When this issue is discussed, we often think of sexual slavery. However, there are other types of exploitation of human suffering which, though they may be more insidious and are almost invisible, are no less tragic. My honourable colleague from Montreal mentioned the case of a woman who was a victim of trafficking because of organ theft.
While any estimate of the number of victims of human trafficking is questionable because of the clandestine nature of this phenomenon, there may be as many as 2.5 million victims of human trafficking worldwide. It is estimated that traffickers profit by about $10 billion US every year. This gives an idea of the magnitude of the current situation.
The figures for Europe, compiled by the United Nations Office on Drugs and Crime, are horrifying.
According to the report, trafficking of human beings is the most lucrative illegal activity in Europe. The UN estimates that crime groups derive profits of over $2.5 billion by organizing forced labour and sexual exploitation of human beings.
According to the report, 140,000 people are trapped in a cycle of brutal violence, abuse and degradation in Europe. About 84% of the victims in Europe are trafficked for the purposes of sexual exploitation. The majority of victims are young women who have been raped, beaten, drugged and held prisoner. Most of them are in debt, have been subject to blackmail and have had their passports taken away.
Canada is a country of arrival and transit for victims of human smuggling. According to a Department of Justice document, 600 to 800 people are sold in Canada annually, and 1,500 to 2,200 people pass through Canada before being exploited in the United States.

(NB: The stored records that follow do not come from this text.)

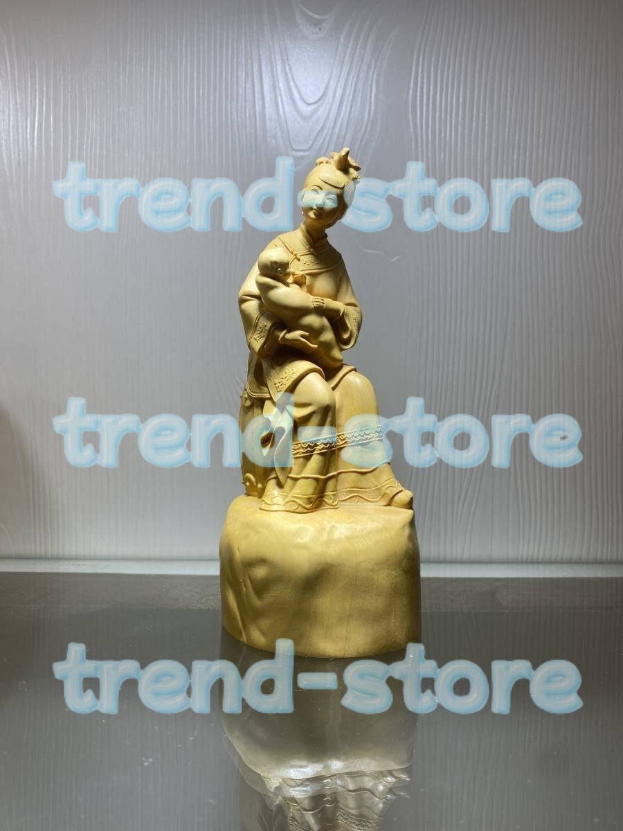 - 新作 慈母 置物 古美術品 彫刻工芸品 木工細工 手作り 総柘植材 木製 珍品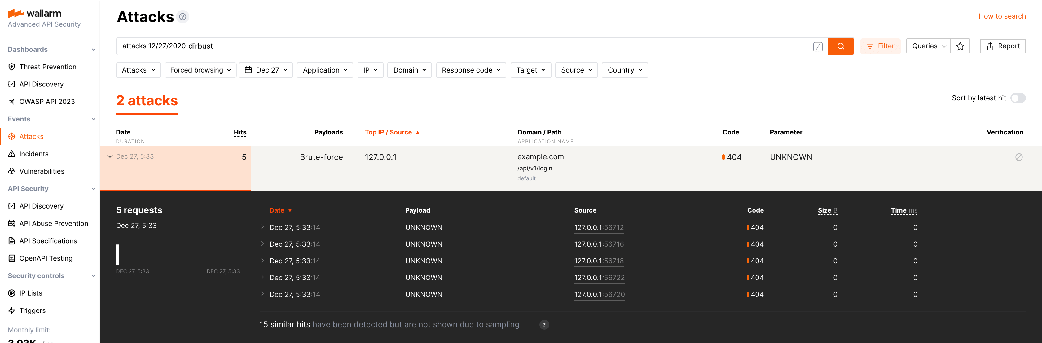 The number of displayed requests corresponds to the number of requests sent after exceeding the trigger threshold (more details on detecting behavioral attacks). If this number is higher than 5, request sampling is applied and request details are displayed only for the first 5 hits (more details on requests sampling).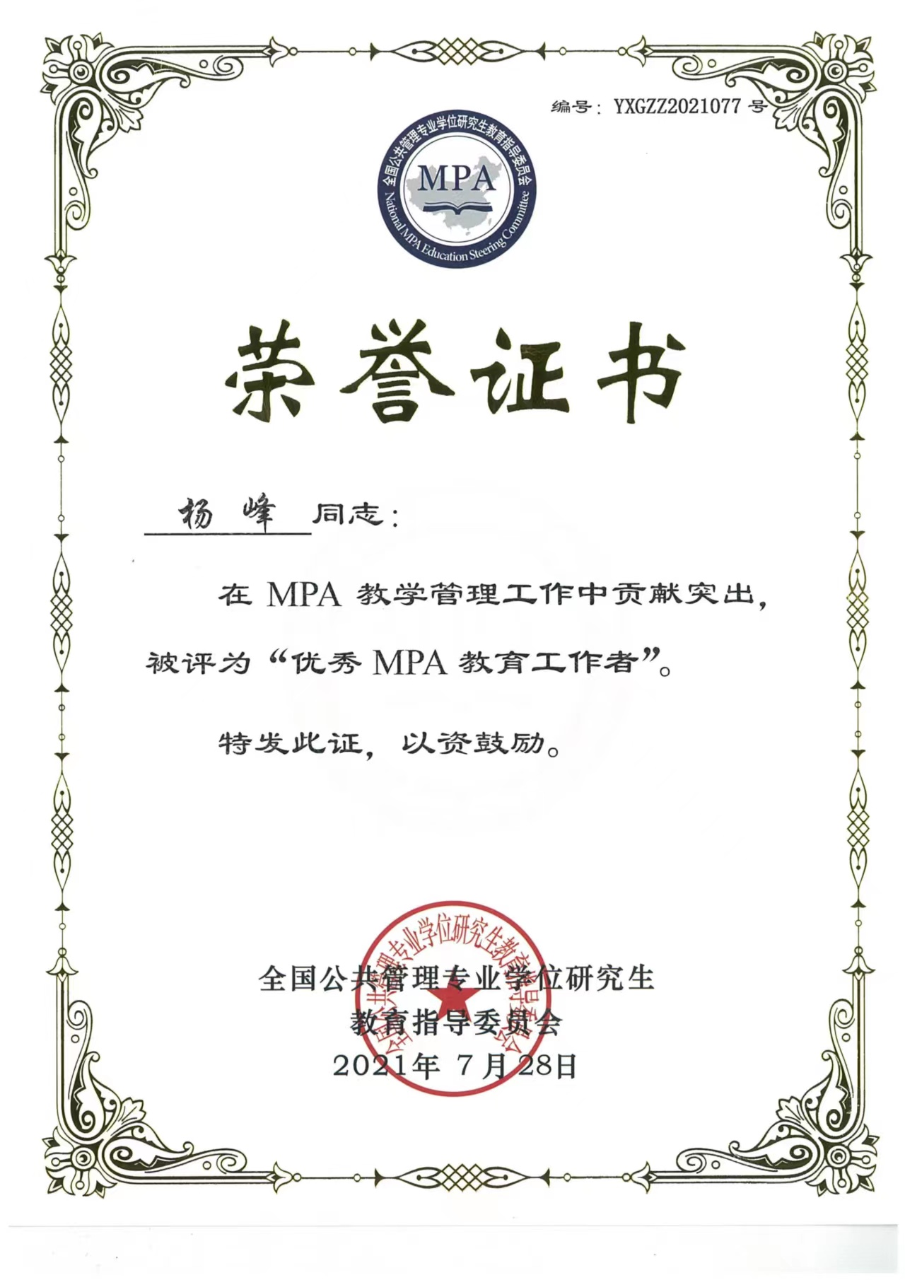 根据《全国优秀MPA教师和教育工作者评选办法》,经全国公共管理专业学位研究生(MPA)教育指导委员会组织审定,永利官网政府管理学院院长拓俊杰教授、MPA中心主任杨峰老师分别获评第三届全国“优秀MPA教师”、“优秀MPA教育工作者”荣誉称号。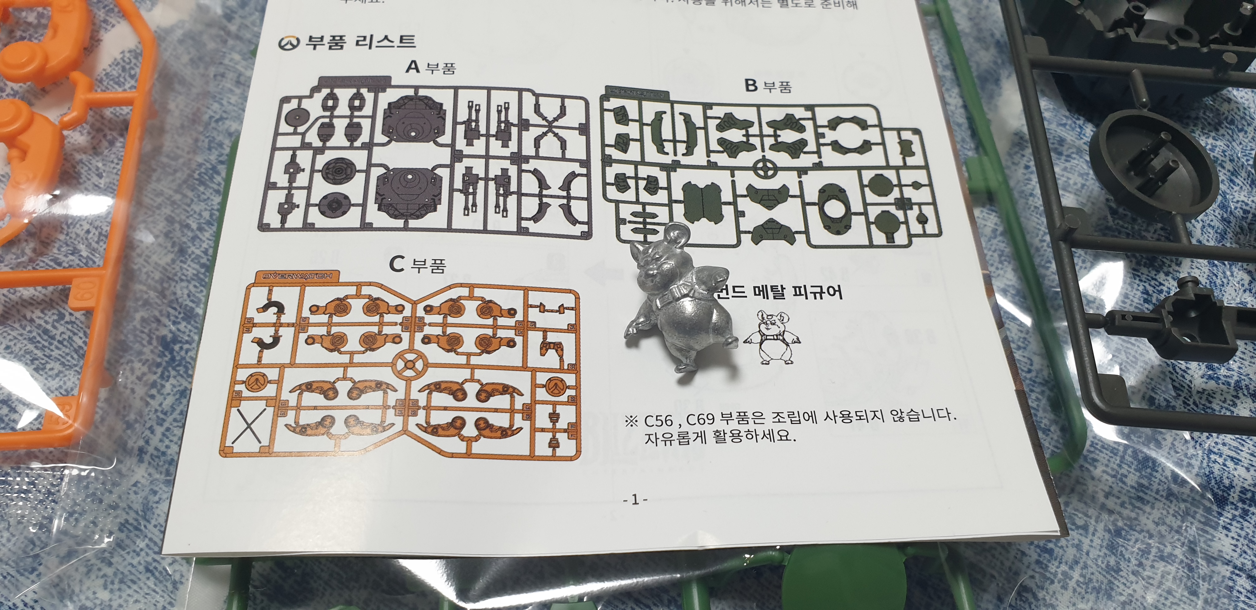 완성을 하고 남는 부품은 조립에 안쓰이는 오버워치 로고와 뚜겅을 닫은 것처럼 보일수 있는 예비 뚜껑...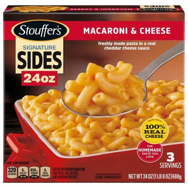 • Stouffer’s mac and cheese frozen side features freshly made pasta in a real cheddar cheese sauce

A more surprising and little known fact is that Canada is also affected by domestic human trafficking as a result of the exploitation of aboriginals, which makes Canada a country of origin for victims. Most of these victims are aboriginal women.

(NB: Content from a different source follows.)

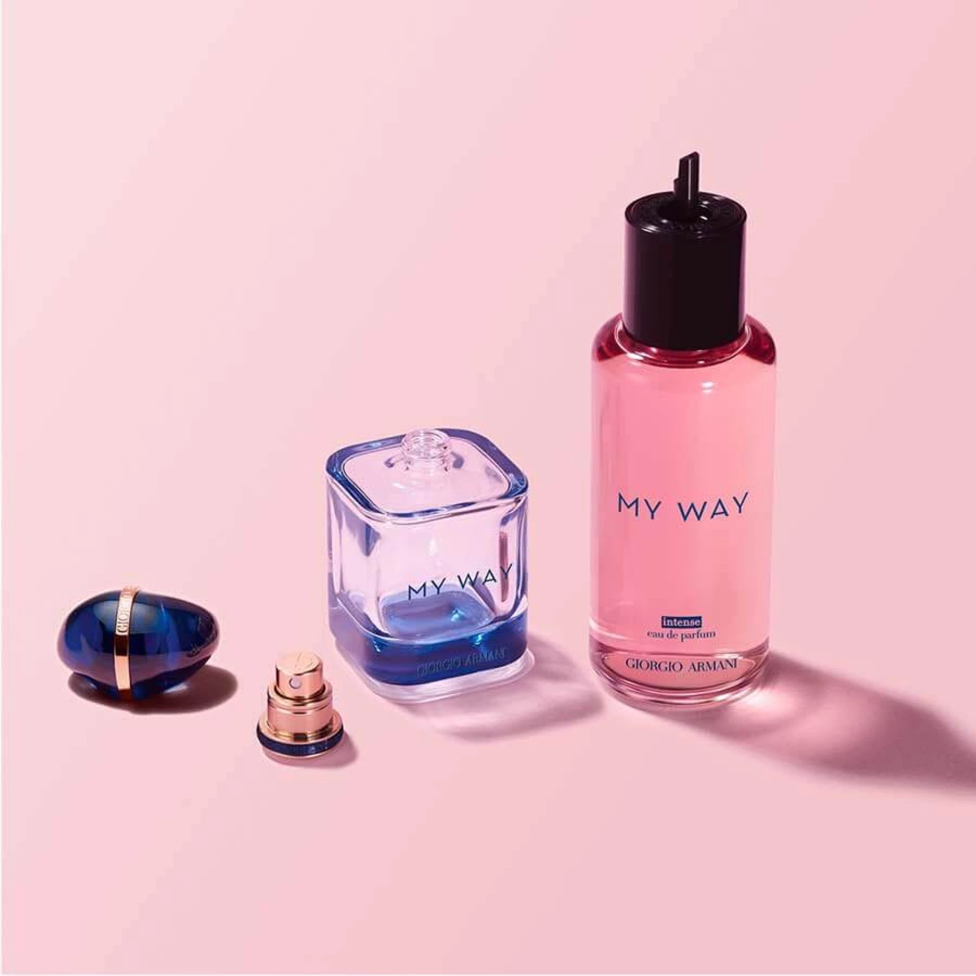 Otkrijte My Way Intense, novi miris za žene kuće Giorgio Armani. Blistavi buket bijelog cvijeća na neodoljivom, drvenastom mirisnom tragu sandalovine u dragocjenoj bočici. My Way Intense poziva vas u novu avanturu samootkrića, značajnih susreta i novih iskustava. Pojačana doza bijelog cvijeća na drvenastom mirisnom tragu sačinjenom od odgovorno dobivenih sastojaka. Miris se otvara uz svježe note egipatskog cvijeta naranče. Novo, intenzivno srce mirisa čini tuberoza iz Indije, koja otkriva nježni, baršunasti cvjetni potpis. U samoj bazi mirisa nalazi se sandalovina iz Nove Kaledonije koja se spaja sa senzualnom vanilijom s Madagaskara. Čep u plavoj i zlatnoj boji poput dragocjenog kamena simbolizira talisman koji objedinjuje iznimna iskustva. Intenzivnost tih trenutaka utkana je u čep bočice, dok je staklo obojeno prekrasnom, dubokom plavom bojom. My Way dizajniran je tako da potraje. Inovativni sistem ponovnog punjenja omogućava laku nadopunu mirisa kod kuće. Osim sistema ponovnog punjenja, My Way također ima sastojke dobivene na odgovoran način, a zalaže se i za očuvanje šuma kroz posebne programe, kako bi se ostvarila ugljična neutralnost. I AM WHAT I LIVE.

Under Bill C-310, human trafficking would also be added to the list of extraterritorial offences.
Currently, when human trafficking is perpetrated abroad by Canadians or by people who ordinarily reside in Canada, these criminals cannot be prosecuted in Canada.
Bill C-310 will correct this situation by criminalizing human trafficking perpetrated by Canadian citizens or permanent residents outside Canada.
I would now like to say a few words about the constitutionality of the extraterritorial provision since the courts will undoubtedly test it.
It is important to remember that subsection 7(4.1) of the Criminal Code already contains an extraterritorial clause regarding pedophile tourism and that this provision was challenged in a recent case before the Supreme Court of British Columbia. Basically, the issue was whether it was constitutional to apply Canadian legislation to crimes committed abroad by Canadians.
Justice Cullen determined that the provisions on pedophile tourism were constitutional and that Parliament had the authority to adapt the extraterritorial provisions. He categorically rejected the defence’s argument that the rights of the accused guaranteed by the Charter were violated because the crimes were committed outside Canada.
The president of Au-delà des frontières, Rosalind Prober, and law professor Amir Attaran gave assurances to parliamentarians that the bill was entirely constitutional.
A second measure contained in the bill would add a provision stipulating the factors that courts can take into consideration in determining what constitutes exploitation.
Law enforcement officers, prosecutors, experts in the fight against human trafficking, and NGOs have voiced their concerns about how vague the current wording is.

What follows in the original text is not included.